As I walked toward them, the one with the striped hat stopped and looked at me, then elbowed his friend. I wasn’t wearing anything special, just a pair of hip-hugger jeans, a t-shirt, my hair down, not wearing much makeup, but I recognized the look on their faces.
“Hey pretty lady!” the one with the spikes called. I smiled, flattered. It was nice knowing that someone thinks you are attractive. They rolled over to me on their skateboards.
“Sup, what’cha need?” the one with the hat asked, and the one with spikes eyed me appraisingly.
“I was just wondering if I could borrow a lighter. Do you guy’s have one?” I asked pleasantly.
“Sure, here ya go.” The one with the spikes said immediately, shoving his hand into his pocket and producing a red lighter. Just what I need.
“What are you gunna burn?” the one with the hat asked curiously.
“A shirt, nothing special. Thanks for letting me borrow it.” I said graciously.
“Do you live here?” Spike said.
“No, I just moved in with Miss Heaton.” I said, jerking my thumb over my shoulder “She’s my foster mother.” I saw the change in their eyes when they realized I was a foster child.
“Why are you a foster kid?” Hat asked sympathetically.
“My dad disappeared.” I said, my throat feeling tight, “I’ll be right back with your lighter.” I added shortly, and spun on my heel, lighter in hand.

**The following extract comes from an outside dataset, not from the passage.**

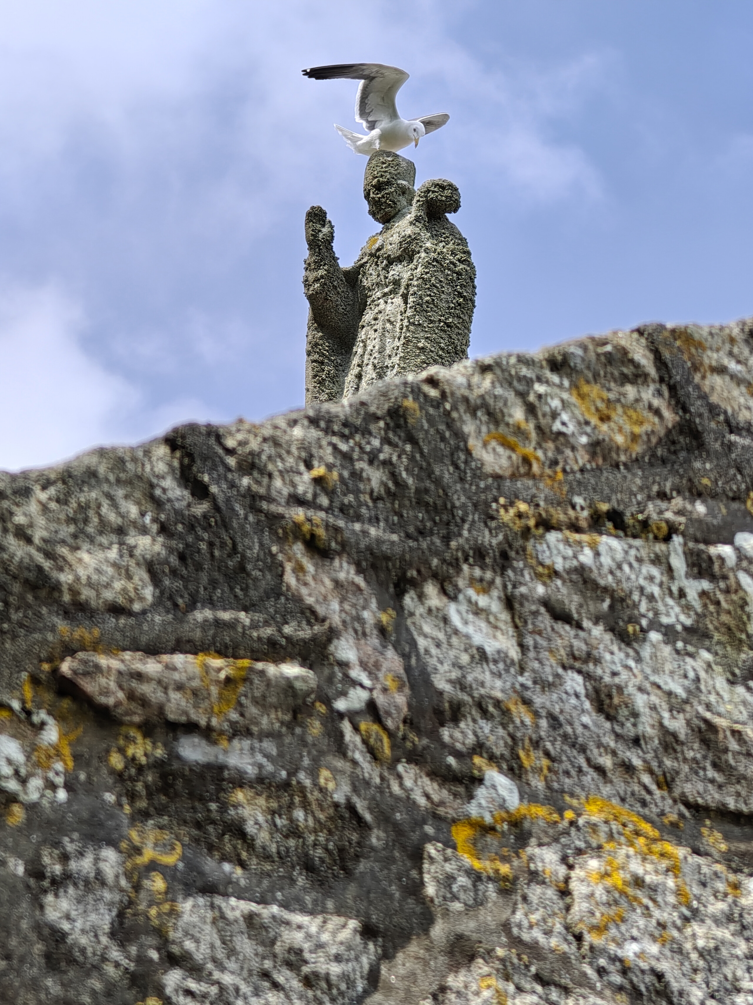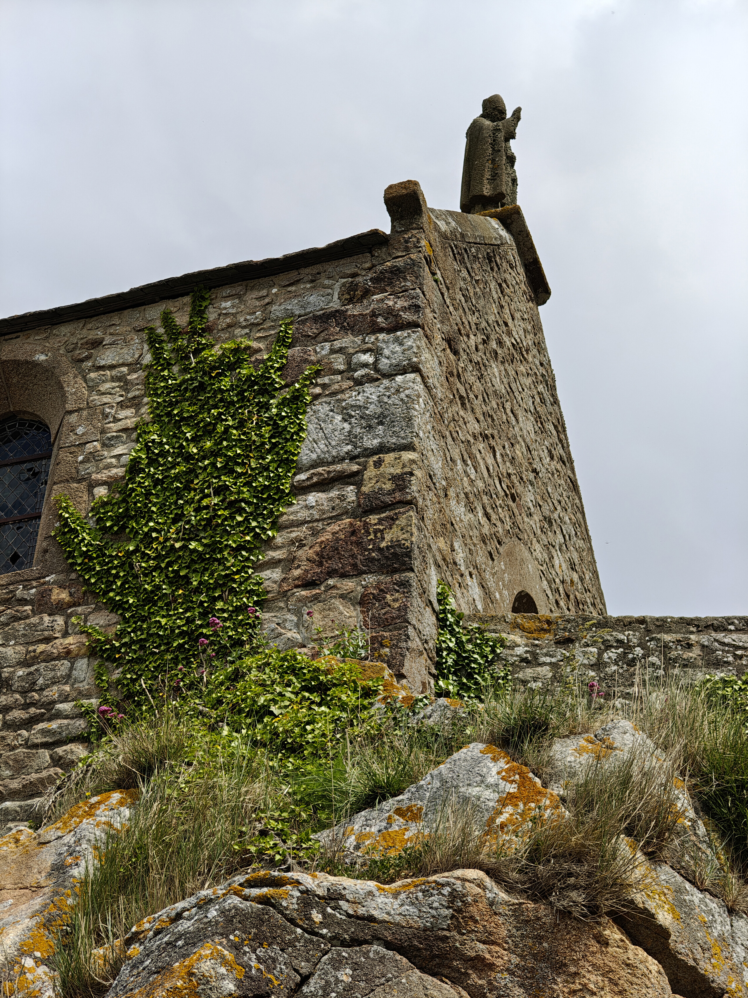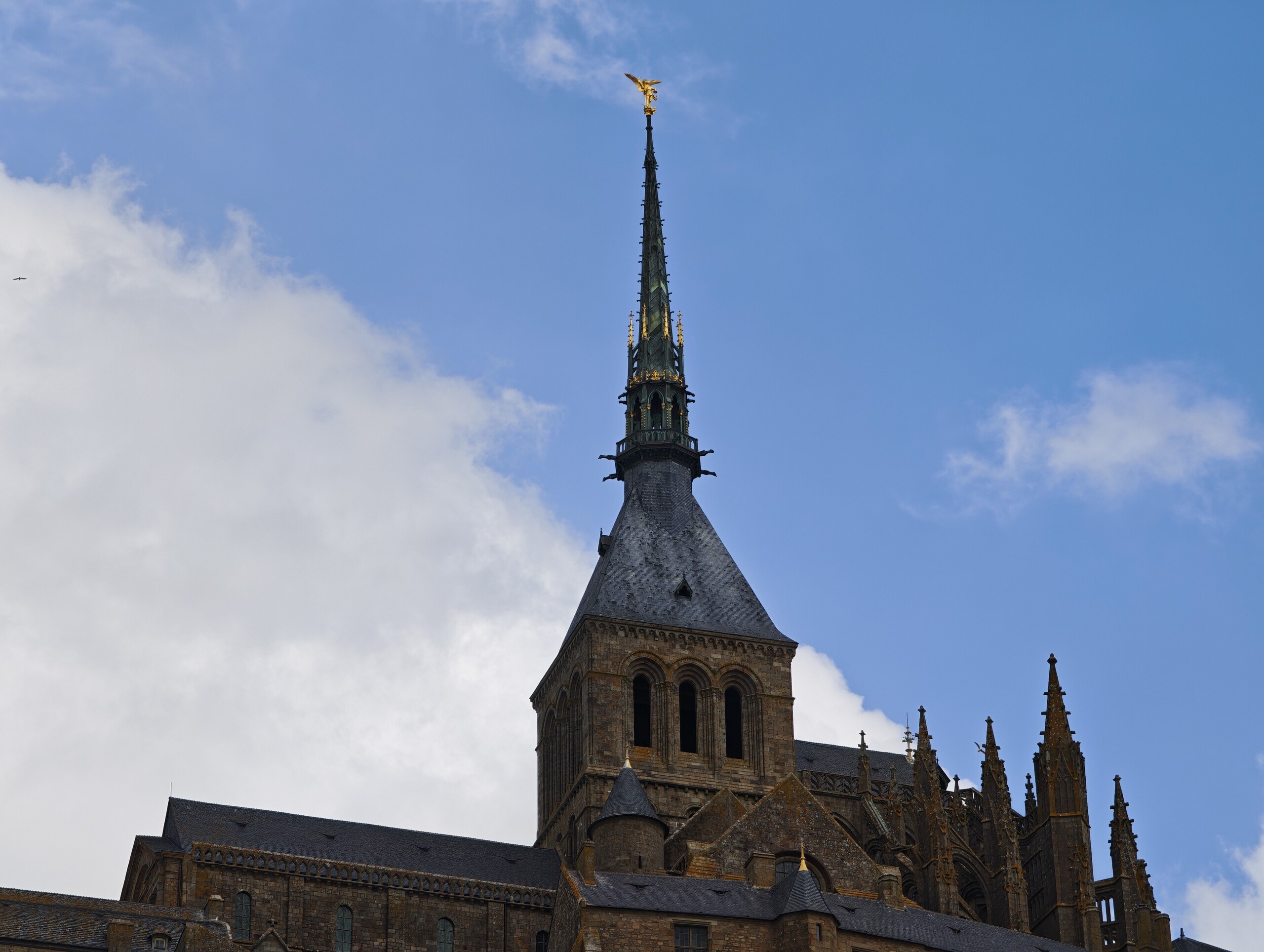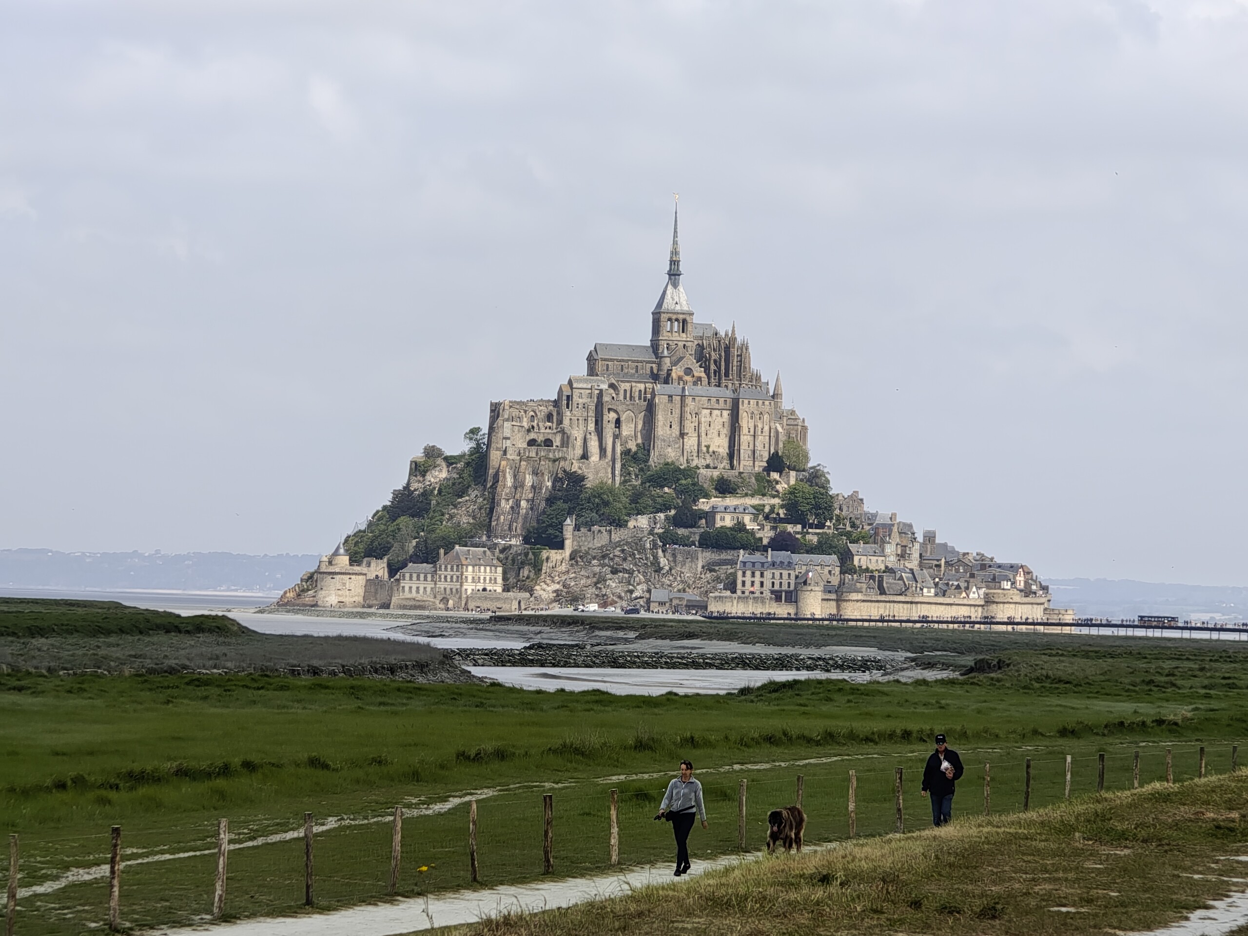 Am Mont-Saint-Michel angekommen strömen die Menschenmassen durch ein schmales Tor in den Ort. Da gerade Ebbe ist, entschließen wir uns stattdessen erstmal zu einem Rundgang um den Berg. Über uns wacht dabei die goldene Statue des Erzengels Michael, nach welchem der Berg auch benannt ist. Sie befindet sich auf dem höchsten Turm des Klosters und ist so gut wie immer sichtbar.
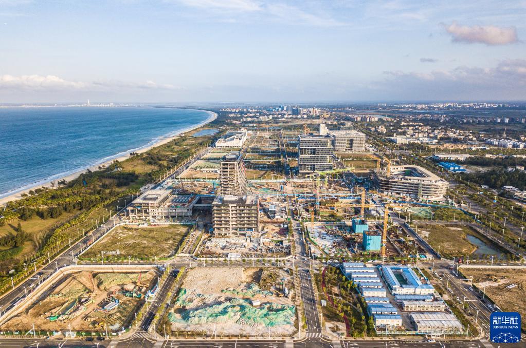 發展中的海南自貿港重點園區——??诮瓥|新區起步區(2月8日攝,無人機照片)。

I walked through the grass worriedly, and kicked the shirt out of the metal box. I squatted by the shirt and flicked the lighter on. I swallowed and stared at the flame that flickered in my hand. It was the shape of a large teardrop, a dark orange at the bottom the slowly fading to lighter shades until it was a golden yellow.
I stared at the flame, then at the filthy shirt that sat in a sad lump on the cement, abused and battered. I frowned and turned the lighter off then stared at the shirt for what felt like minutes, not thinking.
I wiped the tears off my cheek with the heel of my hand and went back to Spike to give him his lighter.